Separation of the non-collagenous components was achieved by anion exchange chromatography using a 20 ml, Resource Q anion exchange column, GE Healthcare UK Ltd, Amersham, Buckinghamshire, UK, incorporated into a fast performance liquid chromatography system (Pharmacia LKB, Ramsey, Minnesota, USA). The lyophilized non-collagenous matrix was dissolved in 0.1 M Tris–HCl, pH 7.4, at a concentration of 2 mg/ml and 2 ml samples were applied to a column. Unbound material was eluted with 20 ml of the above elution buffer at a flow rate of 1 ml/minute. Bound material was selectively eluted by the application of an increasing gradient of 0–0.5 M of NaCl over 20 ml elution buffer. Elution profiles were monitored by absorbance at 280 nm and the individual protein fractions were collected, pooled, and dialysed against distilled water and lyophilized. The samples were then reconstituted in double distilled water at 10 mg/ml. Based on the 280 nm elution profile, seven protein peaks were resolved. Immunodetection of DSP for each fraction by western blot analysis (described below) indicated that DSP eluted with a salt concentration of 0.24–0.32 M NaCl (data not shown).

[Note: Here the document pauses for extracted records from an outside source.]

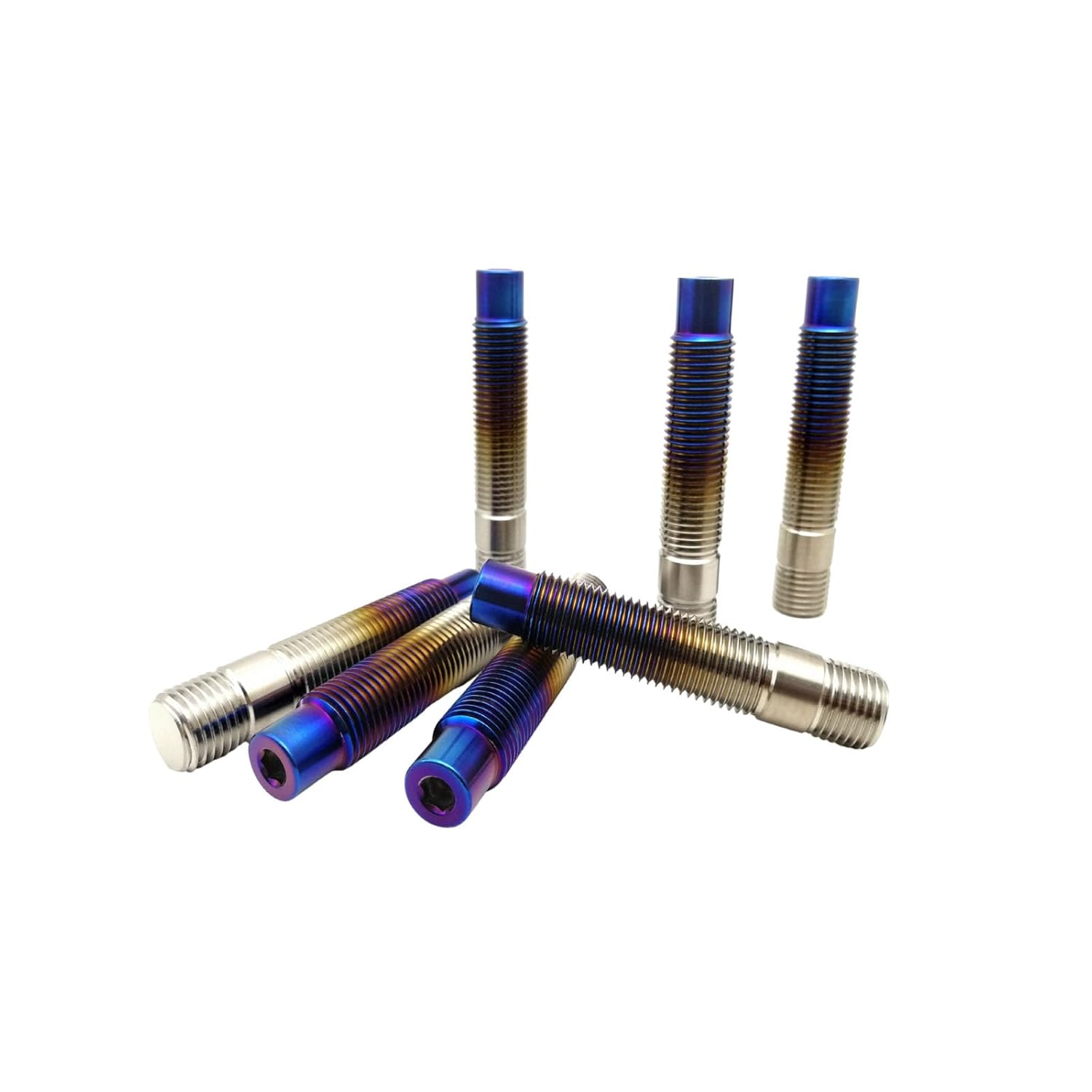 Product Description:RISON-Titanium has been focusing on titanium products for ten years.Stud bolt thread. M12x1.5 to M14x1.5×52mmTotal length of stud bolt:52mmWeight per bolt: 23g Surface finish;Material: aircraft grade titanium alloy ASTM B348 Ti-6Al-4V Gr5;Density: 4.47g/cm3Yield Strength: 890MPa(129KSI)Tensile strength: 970MPa(141KSI)Shear strength: 560MPa(81KSI)Wheel studs are critical to keeping the wheels attached to the vehicle. Wheel studs are a much safer option than wheel studs. Install a set of quality wheel studs and some lug nuts to ensure your vehicle runs safely.One of the troubles with installing wheels directly on the hub is that it can be difficult to align the wheels with the bolt holes. As the wheel gets larger, it becomes more difficult because it gets heavier and heavier. To make it easier to swap wheels, stud conversions are a great way to make this process easier. Also, you can use these studs to install spacers up to 15mm.These titanium forged stud conversion kits will provide a lightweight and durable replacement for your stock studs.The 6AL4V aircraft grade titanium wheel studs, which can be used with nuts, are suitable for Porsche and any other wheel application using M12x1.5 to M14x1.5×52mm, including Lamborghini and many other applications.The studs have an overall length of 52 mm and fit nuts with 2 seat types: original ball seats for Porsche wheels and tapered seats for most aftermarket wheels (please check if your wheels require ball or tapered seats and order accordingly). Rolled threads provide maximum strength and fatigue resistance.Note: When using titanium studs with titanium nuts, be sure to use the proper titanium anti-seize on the threads and hand tighten to correct specifications to prevent wear or seizure.
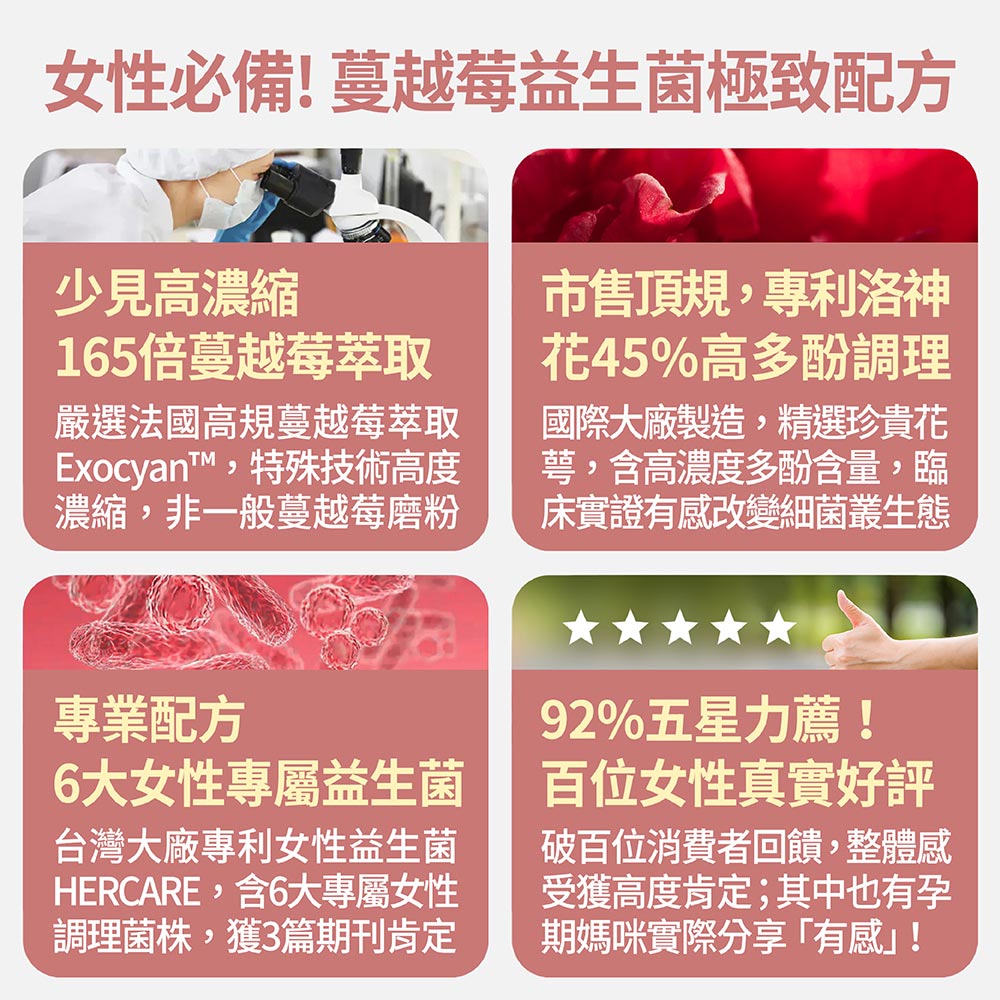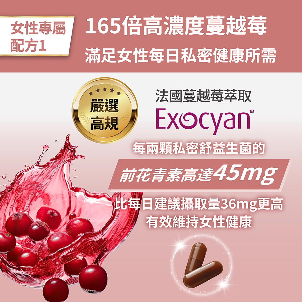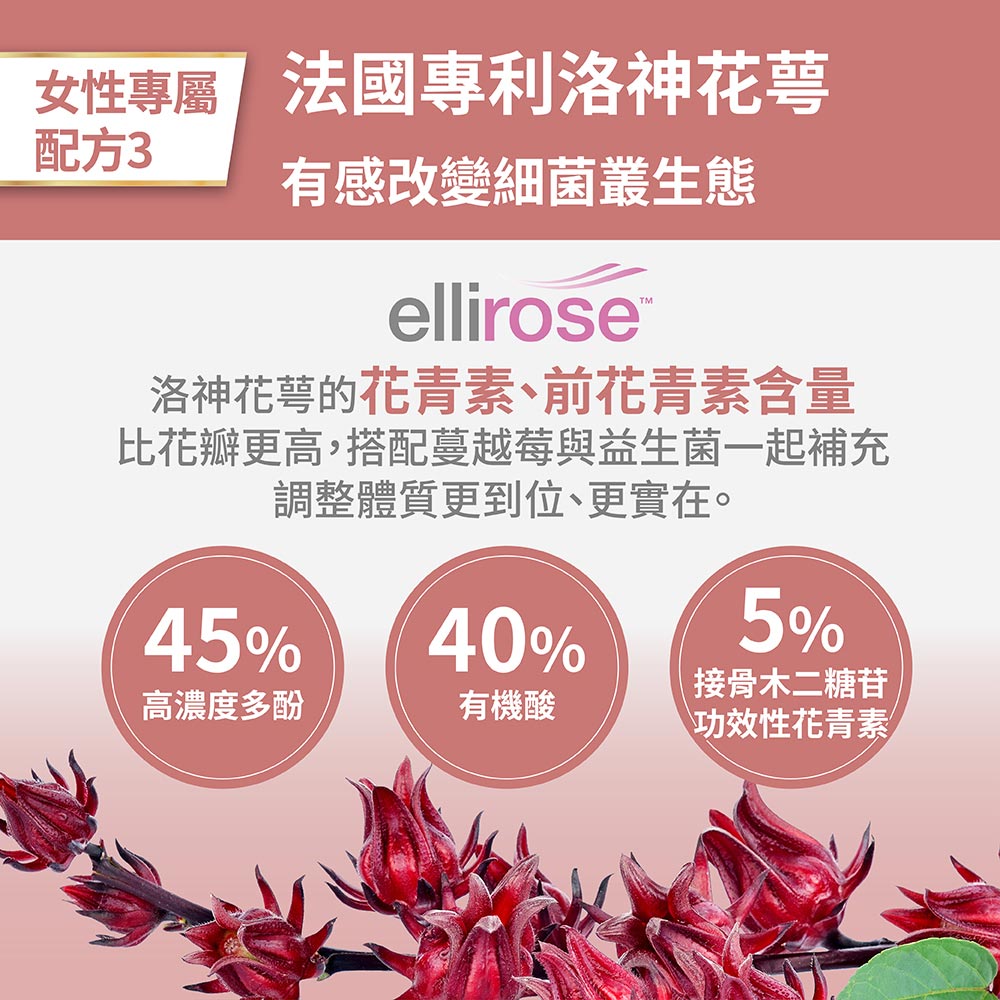 包含專利洛神花萼萃取ellirose™、法國蔓越莓萃取物Exocyan™、多株複合型冷凍乾燥乳酸菌粉SynForU®-HerCare(乳酸菌(植物乳桿菌 LP115、瑞士乳桿菌LA25、醱酵乳桿菌 LF26、鼠李糖乳桿菌 LRH10、副乾酪乳桿菌LPC12、乳酸乳桿菌LDL114)等,完整成分請看下方成分表喔。
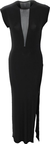 Description : Allure of darkness, inspired by Gothic influence. Deep V MeshSplit Maxi Dress is made of 95% Viscose 5% Elastane, Jersey using skin friendly, Azo-free, Reactive dyes.
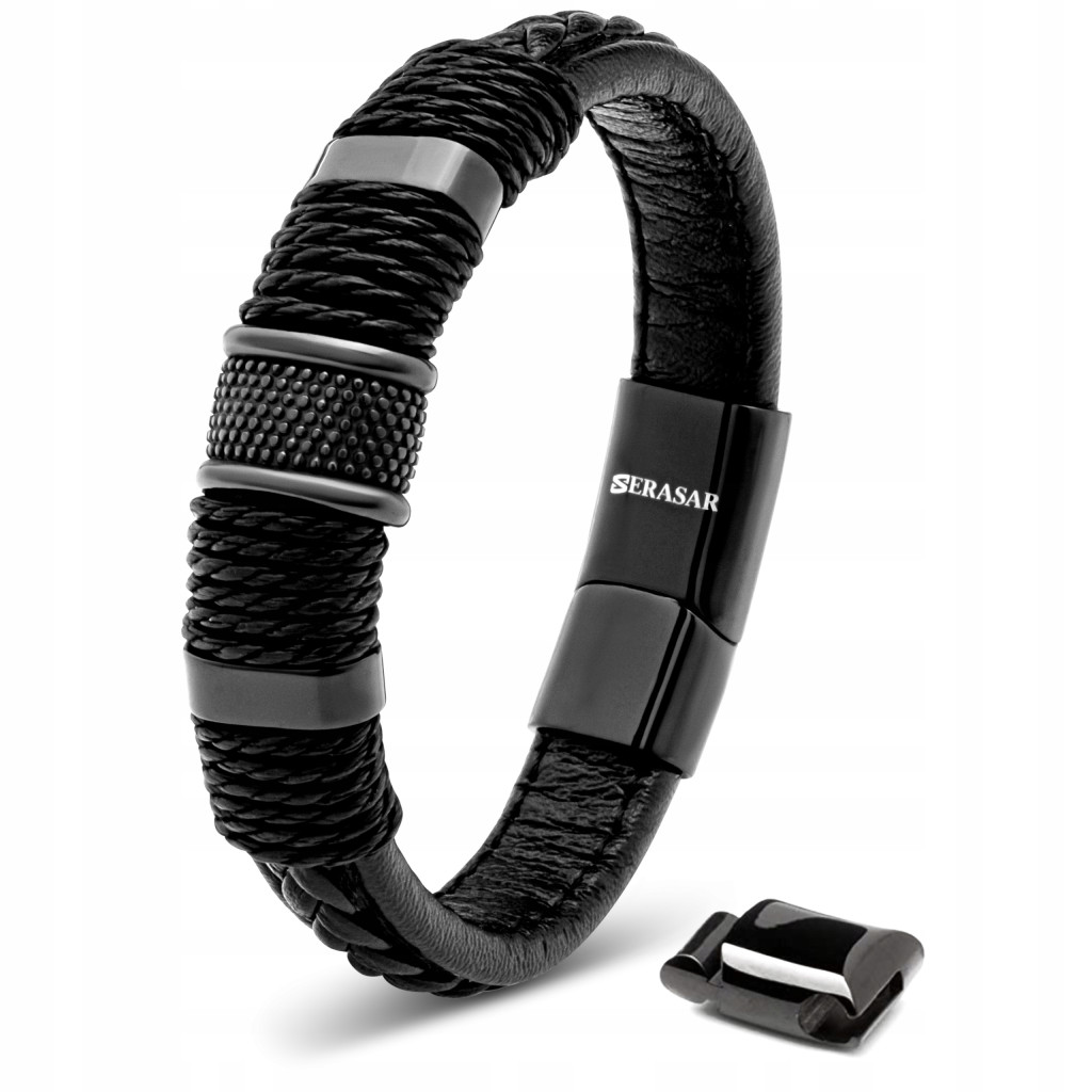 Nasza bransoletka ma atrakcyjny, a zarazem elegancki design, który poprzez łączenie różnych pasm skóry tworzy ciekawy obraz całość. Bez względu na to, czy wybierzesz bransoletkę w kolorze czarnym czy brązowym, na pewno przyciągniesz uwagę. Pokaż, co masz!
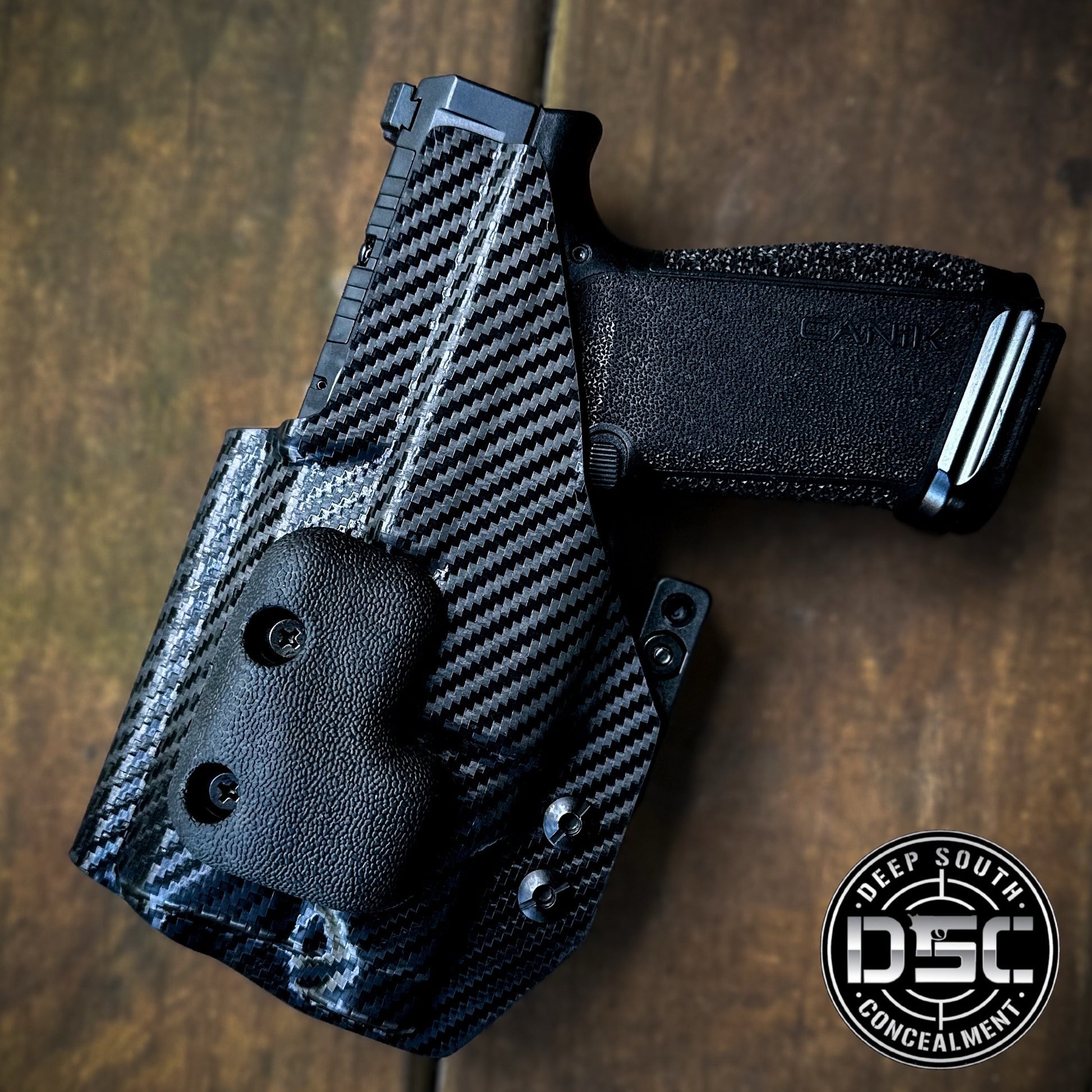 Our IWB holsters are handcrafted from high quality .080 thick material for long lasting durability while maintaining comfort and firearm protection in a lightweight design. Each holster comes standard with adjustable retention that allows adjustment to preference. If you need any help with your order or have questions, please feel free to contact us. *All of our products are warrantied against manufacturing defects.
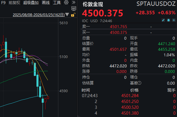 【大河财立方消息】3月25日,现货黄金快速拉升,重回4500美元/盎司,日内涨幅0.63%。
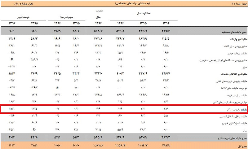 طبق آمار منتشر شده از سوی بانک مرکزی، مالیات بر فروش سیگار در سال ۹۶ حدود ۰.۳ درصد از مجموع مالیاتهای غیرمستقیم دولت را تشکیل داده که نسبت به سال ۹۵ این رقم تغییری نکرده است.
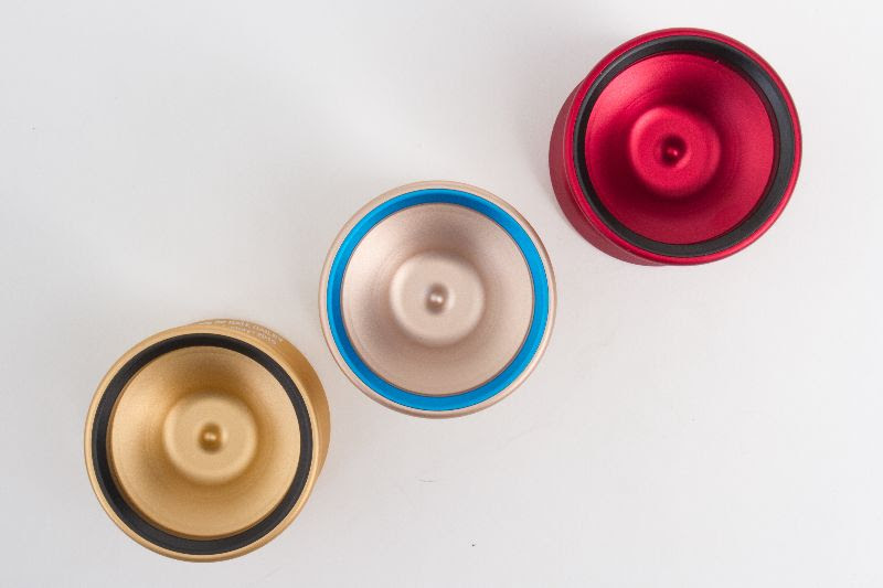 ヨーヨージャム以降、あまり追求されてこなかった理論的には最強のプラスティク+メタルリム構造。ほぼ金リム構造のヨーヨーがナインドラゴンンのシェルを流用することで実現できました。全重量の50%以上を外に振ってあるというプラスティックヨーヨーでは考えられない構造。力強い回転とプラスティック機種の見た目の良さがあります。
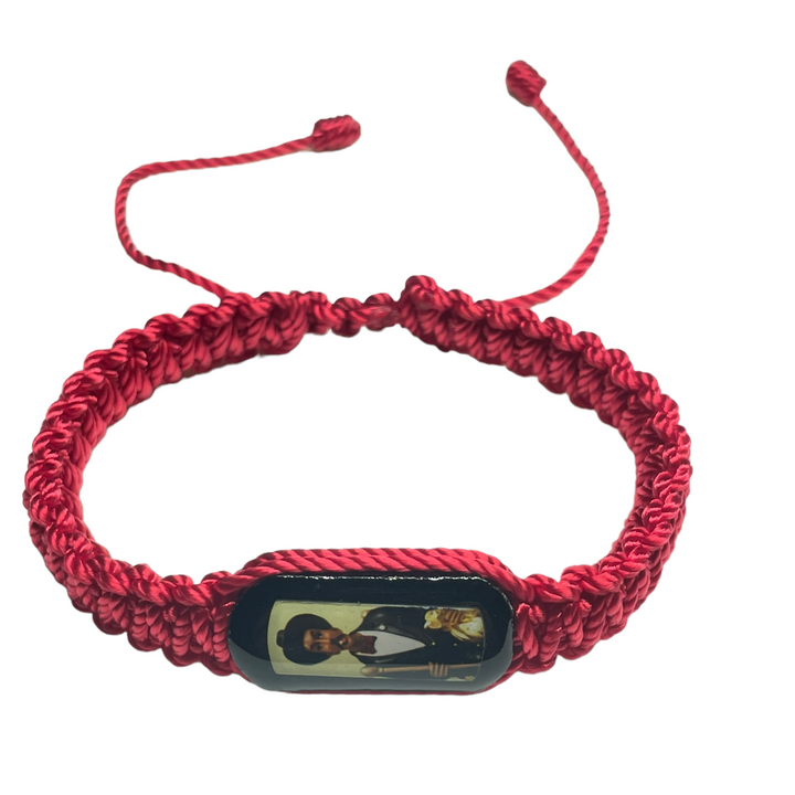 San Simon Knotted Rope Bracelet Wood charm with San Simon image Hand made in Mexico Adjustable one size fits all Red color knotted rope San Simon Pulsera Medalla de madera con la imagen...
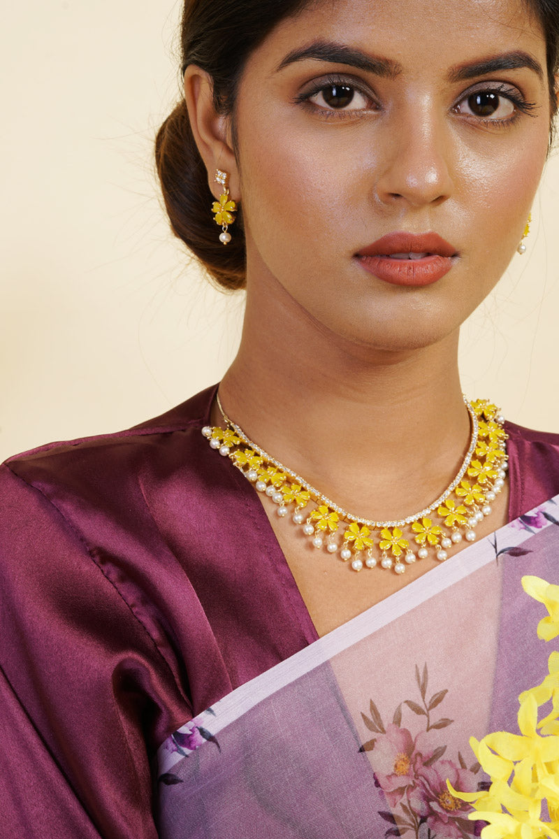 This jewellery set consists of a Necklace & a pair of Earrings. Gold Plated Silver Toned Classic Kundan Jewellery Set, secured with drawstring closure. A pair of matching earrings each secured with post and back closure.
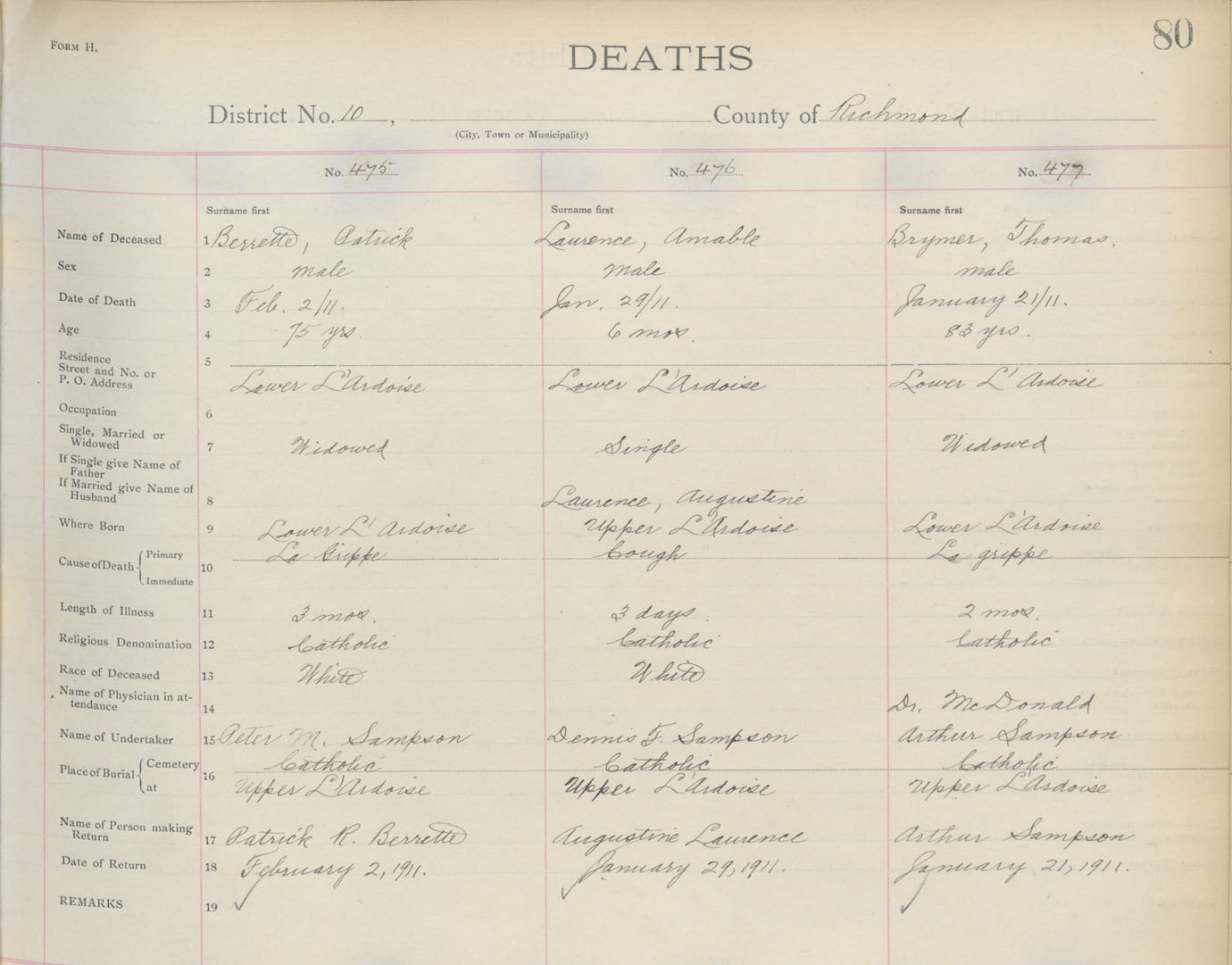 Death Registration: Year: 1911 book: 16 page: 80 number: 477
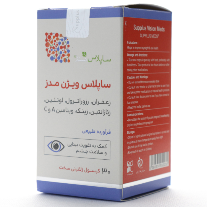 - قرص ساپلاس ویژن مدز، برای محافظت از شبکیه در برابر استرس اکسیداتیو و نور آبی
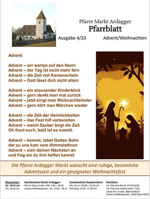 Pfarrblatt Advent-Weihnachten 2023 Ardagger Markt

Immunodetection of DSP by Western blot analysis
Fractions arising from anion exchange analysis and GCF samples collected from resorbing primary molar sites were examined for immunoreactivity of the antibodies to DSP using western blot analysis. The samples were mixed with equal volume of sodium dodecyl sulphate–polyacrylamide gel electrophoresis (SDS–PAGE) dissociating sample buffer containing 0.062 M Tris–HCl, pH 6.8, 10 per cent glycerol, 2 per cent SDS, 5 per cent 2-β-mercapthoethanol, and 0.002 per cent bromophenol blue. The samples (1 µl) were then separated on 4–15 per cent polyacrylamide gels (GE Healthcare UK Ltd) using the Phastsystem (GE Healthcare UK Ltd) as previously described (Waddington et al., 1993
). Each gel also contained a 1 µl sample of BioRad-prestained molecular weight standard protein markers (198–6.9 kDa).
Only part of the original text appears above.